Bebot is a Gitlab webhook handler that publishes messages to Matrix when interesting things happen in your configured repos.

Currently-supported Gitlab event types:

  • Push events
  • Tag push events
  • Issue events
  • Merge request events
  • Pipeline events (only publishes on failure for now)

Building

Bebot is written in Rust, and requires a Rust toolchain in order to build. The usual cargo build or cargo build --release will do the trick.

You can also build and install the latest released version of Bebot by running cargo install bebot.

Setup

Bebot requires a configuration file in YAML format. See sample-config.yaml for all existing configuration options, as well as documentation on what each option does.

When setting up the webhook in Gitlab, use the same token from the configuration file in the webhook's "Secret token" field. You should only select "Push events", "Tag push events", "Issues events", "Merge request events", and "Pipeline events". You can leave some of these out if you don't want Bebot to publish messages for everything.
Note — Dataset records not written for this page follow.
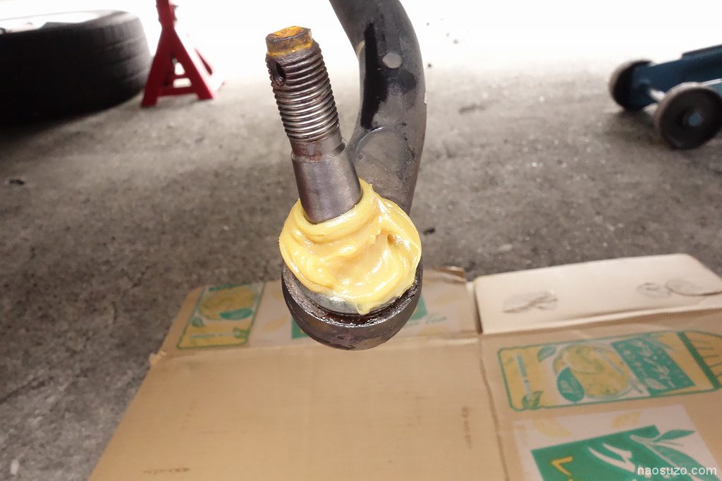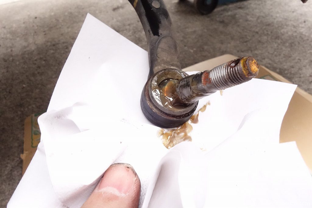 今回、点検の結果、タイロットエンドブーツは破れなし、ロアボールジョイントの方がグリス滲みのみ確認。
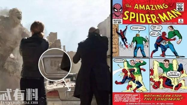 除了这些以外,电影中还有很多细节,做的非常到位。例如元素众出场的时候,影片中的车牌号总是能够对应漫画中它们首次登场的时间,例如沙人登场的时候,镜头前车子的车牌号是463,刚好对应1963年发行的《神奇蜘蛛侠》第4期,也就是沙人(Sandman)首次登场的漫画。
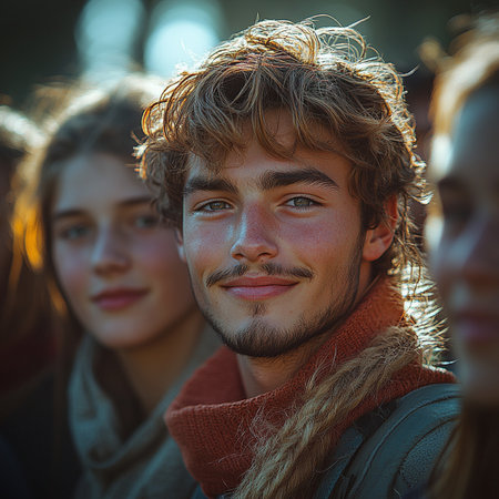 Confident man stands out in busy crowd, radiating charisma
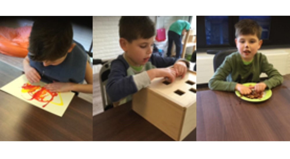 In de middag kiezen we vaak voor een sensopathische activiteit in combinatie met enkele werkjes aan de tafel. We doen dan onder andere, verf werkjes maken, lekker snoezelen met scheerschuim of knetterzeep of flink kliederen en smullen met een koken /bakken activiteit. Morris geniet dan van de ingrediënten die we op de tafel neerleggen, suiker, meel, speculaaskruiden of chocoladesaus. Als alles weer schoon is maken we nog enkele werkjes aan de tafel.
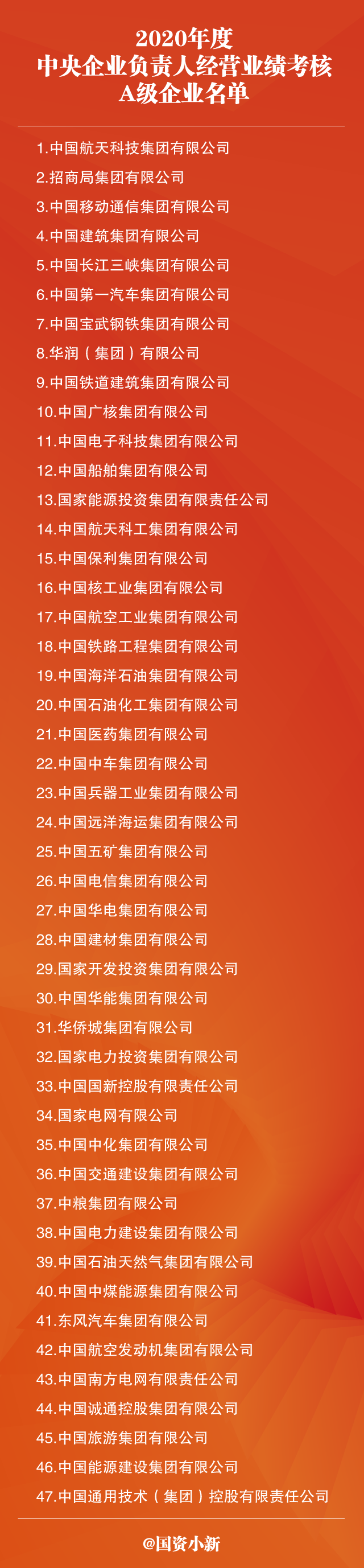 附2020年度中央企業負責人經營業績考核A級企業名單:
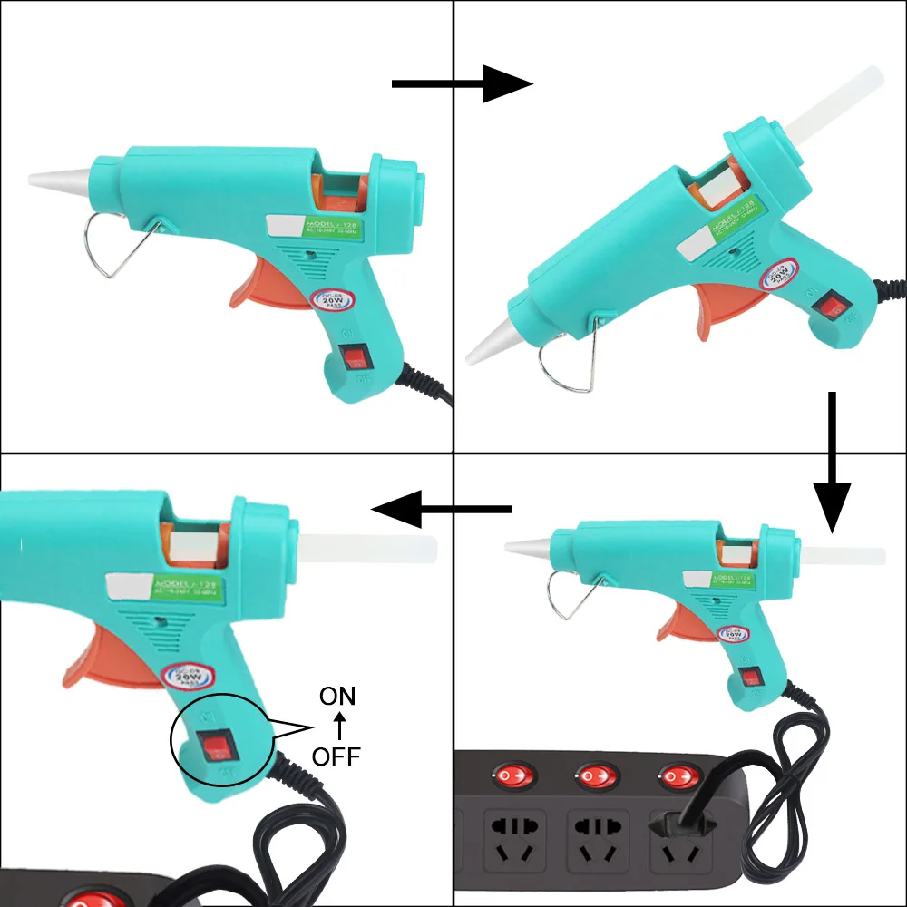 1. Чтобы предотвратить обжигание, пожалуйста, не прикасайтесь к раствору клея, который выходит из пистолета. 2. Для того, чтобы сделать вашу работу плавно, пожалуйста, предварительно Нагрейте клеевой пистолет в течение 3-5 минут (время разогрева) перед использованием. Примечание: клей не может быть снят после использования.

Bebot does not support serving the webhook over TLS, so you will probably want to put it behind a reverse-proxy such as nginx.
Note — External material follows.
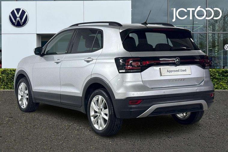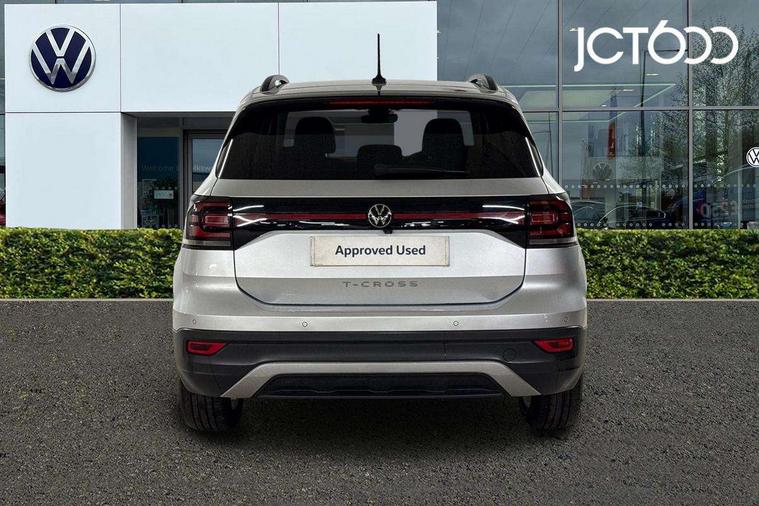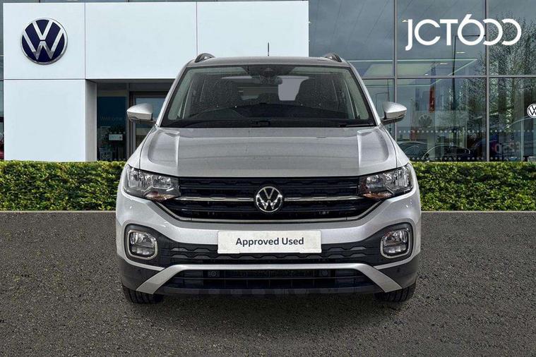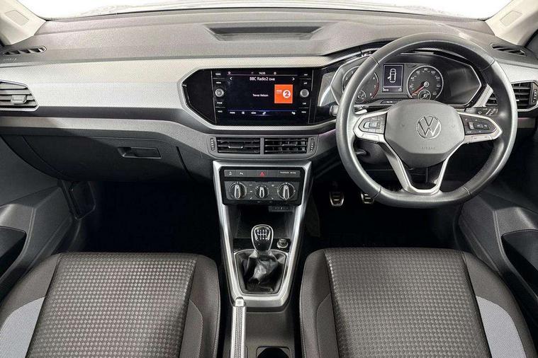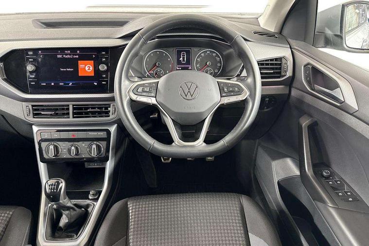 'Lights On' Reminder warning buzzer, Adaptive cruise control including front assist, forward collision warning, autonomous emergency braking, speed limiter, Blind spot monitoring, Bluetooth telephone and audio connection for compatible devices, Car information display, Driver alert system, eCall emergency call system, Lane assist, Low washer fluid warning light, Multifunction computer with visual gear change recommendation for fuel consumption, Operating permit alteration, Power assisted speed sensitive steering, Speedo, rev counter, electronic odometer, trip, service interval display, exterior temperature and fuel gauge, Stop/start system, Warning sound and light for doors and tailgate open, Warning sound and light for front seatbelts unfastened, We Connect Go Dongle, Wireless Car net app connect with Apple CarPlay, combined functionality of Apple CarPlay/Android Auto and MirrorLink, Battery regeneration during braking, Misfuel prevention device, 2x USB connection with USB charging sockets and in rear centre console, DAB Digital radio receiver, Diversity antenna for FM reception, Multi device interface (MDI) with USB connection, Music playback - MP3, WMA and AAC files, Premium USB cable for Apple or Android smartphone compatibility, Simultaneous pairing of 2 compatible mobile devices, Title and cover art display, 3D active badge on B-pillar, Active door sills, Active sill panel trims, Automatic hazard lights activation under emergency braking, Black roof rails, Body colour door handles, Body coloured bumpers, Dusk sensor + automatic driving lights, Electrically foldable, adjustable and heated door mirrors with reverse activated kerb view adjustment on passenger's side, Front and rear electric windows, Front fog lights with static cornering function, Galvanised body, Heated rear window, High level 3rd brake light, Lower door sills and door pillars in black, Radiator grille with high gloss surface and chrome strip, Rear fog light on one side, reversing light on both sides, Rear lights incorporating LED technology, Rear side wing doors, Rear tinted glass 65% approx light absorbing from B pillar backwards, Rear window aerial, Rear windscreen washer and wiper with interval delay, Reflectors in all doors, Tailgate with integrated roof spoiler, Windscreen wipers/ intermittent wipe + 4 position delay, 12V Accessory socket in centre console, 3 rear head restraints and 3 rear three point seat belts with ECE label, 3 seat bench in 2nd row, 60/40 split folding rear seat backrest, Ambient lighting and sourround lighting, Brushed stainless steel pedals, Drawer under drivers seat, Driver and front passenger sunvisor with vanity mirror, Driver's sunvisor with ticket holder, Dust and pollen filter, Front + rear carpet mats, Front and rear reading lights X 2, Front centre armrest with storage compartment, Front seat back storage pockets, Front seats with adj lumbar support, Glovebox, Heating and fresh air system with 4 stage blower, Height/reach adjust steering wheel, Instrument lighting white adjustable panel illumination, Interior light with delay, Isofix child seat preparation for 2 rear child seats, Luggage compartment cover, Luggage compartment lighting, Moveable and foldable Rear bench seat, Single front passenger seat, Storage compartment in drivers and front passengers door, Three spoke multi-function leather trimmed steering wheel and gearknob, Trapeze cloth upholstery, Variable boot floor, Winter pack - T-cross, Anti-lock Braking System (ABS) with Hydraulic Brake Assist (HBA), Automatic post collision braking system, Driver and front passenger safety-optimised head restraints, Drivers and Front Passengers airbags with front passengers airbag deactivation switch, ESC with EDL, ASR, EDTC and trailer stabilisation function, Extended and proactive pedestrian protection, Front and rear curtain airbags, Front seat side impact airbags, Height adjustable 3 point automatic front seatbelts with pretensioners, Hill start assist, Pre crash preventive occupant protection, Rear door child safety locks, Rigid safety cell with front and rear crumple zones, Single torn horn, Tyre pressure loss indicator, Volkswagen roadside assistance, Alarm with interior protection and deactivation via infotainment system, Child security locks in rear doors, Electronic engine immobiliser, Remote tailgate unlocking using key fob, Decorative strips in doors in matt silver/ center console, 17" Clayton alloy wheels + anti theft wheel bolts, Breakdown kit,

In the scripts directory is a set-webhook.py script that can set up (or update) webhooks for your repository, automatically generating a token for you. If setting up the webhook for the first time, it will output to stdout a YAML snippet that goes under the repo_configs section of the configuration file. If you run the script with no arguments, it will print out usage details.

Running

After you've done all that, simply run Bebot:

bebot /path/to/config-file.yaml

You can set the BEBOT_LOG environment variable to increase or decrease logging verbosity. (Try debug, info, warn error, or off.)

Docker

A Dockerfile is also provided. When running the container it builds, mount the configuration file so it appears inside the container as /bebot/config/bebot.yaml.

Release images are published to Docker Hub.